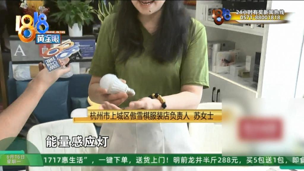 杭州市上城区傲雪棋服装店负责人 苏女士:你问这个,那你去问生产这个灯泡的。
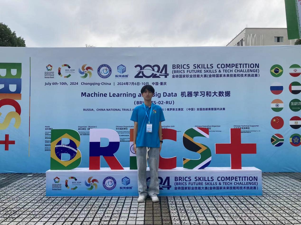 2024金砖国家职业技能大赛机器学习和大数据赛项全国选拔赛暨国内决赛于2024年7月6日—10日在重庆安全技术职业学院隆重举办。在林峰老师的指导下,来自22级软件技术专业的杨帆同学取得好成绩,荣获三等奖。
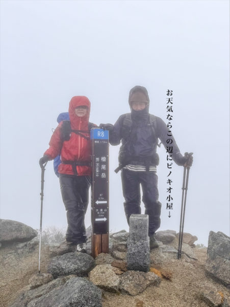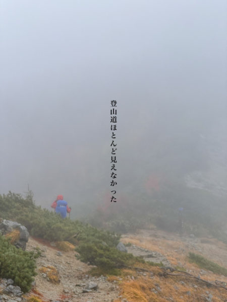 だから、たとえ目の前が濃霧で真っ白でも、暴風にあおられても、びしょ濡れになろうとも、足取りは「檜尾岳」へ一直線。アップダウンを繰り返す稜線をひたすら進んでゆく。
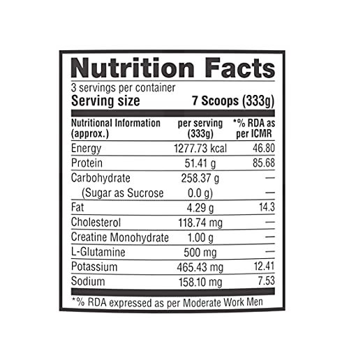 Gives 1278 kcal, 51g Protein, 258g Carbs, 1g Creatine Monohydrate & 500mg L-Glutamine per serving
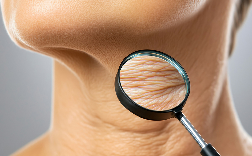 しみや首の老化は30代からゆるやかに始まり、目の下の溝は20代から現れることも珍しくありません。
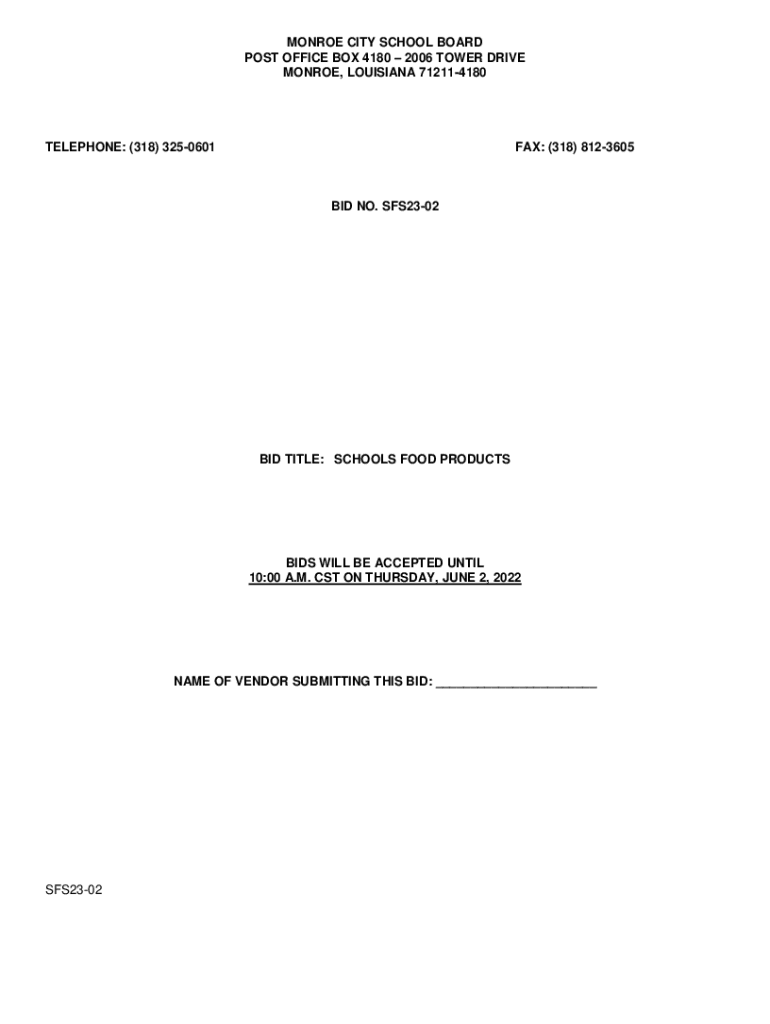 MONROE CITY SCHOOL BOARD POST OFFICE BOX 4180 2006 TOWER DRIVE MONROE, LOUISIANA 712114180TELEPHONE: (318) 3250601FAX: (318) 8123605BID NO. SFS2302BID TITLE: SCHOOLS FOOD PRODUCTSBIDS WILL BE ACCEPTED

Action item: Would you output only the span of the records above that opens with the line containing "だから、たとえ目の前が濃霧で" and closes with the line containing "しみや首の老化は30代からゆ", ends included and pictures dropped?

Response area:
 だから、たとえ目の前が濃霧で真っ白でも、暴風にあおられても、びしょ濡れになろうとも、足取りは「檜尾岳」へ一直線。アップダウンを繰り返す稜線をひたすら進んでゆく。
 Gives 1278 kcal, 51g Protein, 258g Carbs, 1g Creatine Monohydrate & 500mg L-Glutamine per serving
 しみや首の老化は30代からゆるやかに始まり、目の下の溝は20代から現れることも珍しくありません。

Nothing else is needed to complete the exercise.